Discussion of these results centers on the interplay between composition parameters and their impact on the microstructure and properties of machine tool castings. Carbon equivalent emerges as the dominant factor for tensile strength because it directly controls the eutectic reaction and graphite precipitation. A higher CE within the optimal range (3.60–3.67%) reduces chilling tendencies and minimizes carbides, leading to improved strength. However, excessive CE can result in coarse graphite and reduced strength, as seen in Level III. The silicon-carbon ratio is equally critical; a lower carbon content (around 3.0%) combined with higher silicon (1.8–2.0%) enhances strength by reducing free carbon and strengthening the ferritic matrix through solid solution hardening. This is described by the relationship: $$Si/C \propto \sigma_b$$ where a balanced ratio minimizes defects like shrinkage and cracking in machine tool castings. Inoculation improves tensile strength by promoting fine, uniform graphite flakes, which act as crack arresters and reduce stress concentrations.
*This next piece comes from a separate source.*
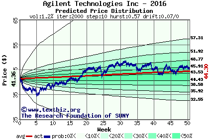 The high to date and low to date prices of the stock plotted against a random walk model for 2016 (what's this?).

The effect follows a diminishing returns curve: $$\Delta \sigma_b = k_3 \cdot \ln(Inoc)$$ where \(k_3\) is a constant, indicating that beyond 0.5–0.7% inoculation, gains in strength plateau. Manganese contributes to strength and hardness by increasing pearlite content, with its effect modeled as: $$\sigma_b \propto Mn^{0.5}$$ reflecting its moderate influence.
In practical applications, these findings were implemented to produce machine tool castings for a rear bed component, which had previously suffered from high rejection rates due to cracking. We adjusted the molten iron composition to target: carbon content of 3.0–3.1%, silicon content of 1.8–2.0%, carbon equivalent of 3.60–3.67%, inoculation amount of 0.5–0.6%, and manganese content of 0.8–1.0%. This optimized composition resulted in tensile strengths exceeding 300 MPa and hardness values around 185–195 HB, meeting the required specifications for subsequent induction hardening. The castings exhibited improved density, reduced cracking, and consistent performance after heat treatment, achieving a hardness of over 45 HRC post-quenching. Compared to previous compositions with lower silicon and higher carbon, which led to porosity and low strength, the new formulation enhanced fluidity, reduced white iron formation, and minimized residual stresses. This success underscores the importance of a holistic approach to composition design for machine tool castings, where factors like carbon equivalent and silicon-carbon balance are prioritized over traditional low-carbon paradigms.
In conclusion, the optimization of molten iron composition is pivotal for producing high-performance machine tool castings. Our experiments demonstrate that a carbon equivalent of 3.60–3.67%, combined with a carbon content of 3.0–3.1%, silicon content of 1.8–2.0%, inoculation of 0.5–0.6%, and manganese content of 0.8–1.0%, yields optimal tensile strength and controlled hardness. This composition mitigates defects such as cracking and chilling, while ensuring adequate mechanical properties for demanding applications. The use of orthogonal experimental design and statistical analysis provided a robust framework for identifying key factors and their interactions, enabling efficient process improvement. Future work could explore additional elements like chromium or copper to further enhance properties, but the current findings offer a reliable foundation for quality assurance in machine tool casting production. By adopting these optimized parameters, foundries can achieve consistent, high-quality outputs, reducing waste and improving the durability of critical components in machining centers and other industrial equipment.